# help! im looking for these pair of black/white maryjanes or similar...



## rnsmelody (Feb 1, 2008)

help! im looking for these pair of shoes or similar...they are from tara subkoff. she is a guest designer for bebe. i called bebe customer service and they said that they dont carry those maryjane shoes. i was wondering if anyone seen anything closely similar to it. or was it a past item at bebe and if you know the name of it please let me know.. so i can look for it. thanks in advance!!

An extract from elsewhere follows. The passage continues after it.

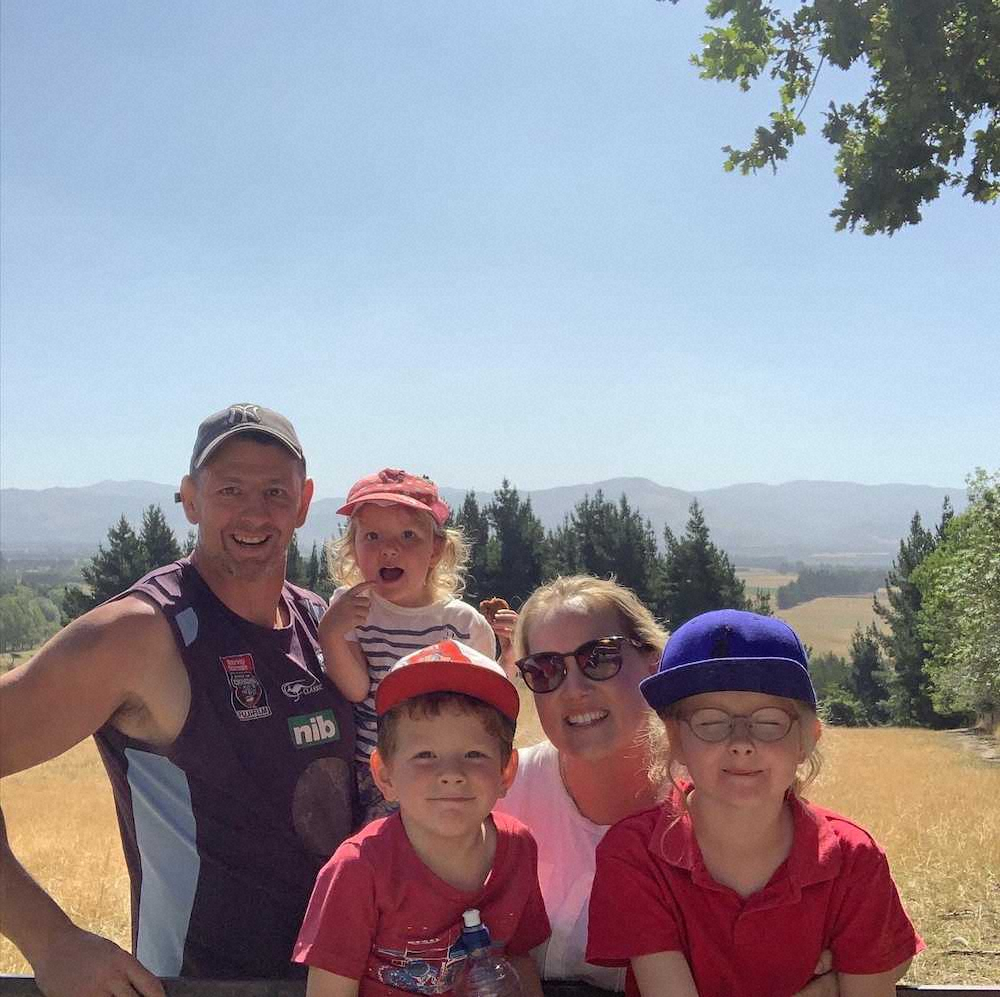 ニュージーランドでの生活を紹介するトンプソン・ルーク(左)。妻ネリッサさんと3人の子供

bebe.com : bebe : bebe spotlight : tara subkoff main : tara page 2


----------



## Edie (Feb 20, 2008)

I know guess has very similar shoes although they don't have the strap


----------



## mamabear (Feb 20, 2008)

They're identical to Dolce Vita - Dolce Vita - Detail hope you find your size.


----------



## rnsmelody (Feb 20, 2008)

thanks mamabear i just found them from bebe they are EXACTLY identical. wow bebe & dolce vita have alot of identical shoes.


----------



## AmberLilith (Feb 23, 2008)

I know Demonia/Pleaser and TUK do some* similar* designs, though probably chunkier than you'd like..
HTH

HowCool.com - Pleaser - 4.5 Inch Stiletto Heel PF Pump

HowCool.com - TUK Shoes - Black & White Double Strap Mary Jane Platform

HowCool.com - Pleaser - Saddle Shoe-Style Pump With Strap & 5 1/4 Inch Heel

HowCool.com - Demonia - Gothic Platform Mary Janes With 5 Inch Heel

HowCool.com - Pleaser - Delightful Saddle Shoe-Style Mary Jane Pump With 5 3/4 Inch Heel


----------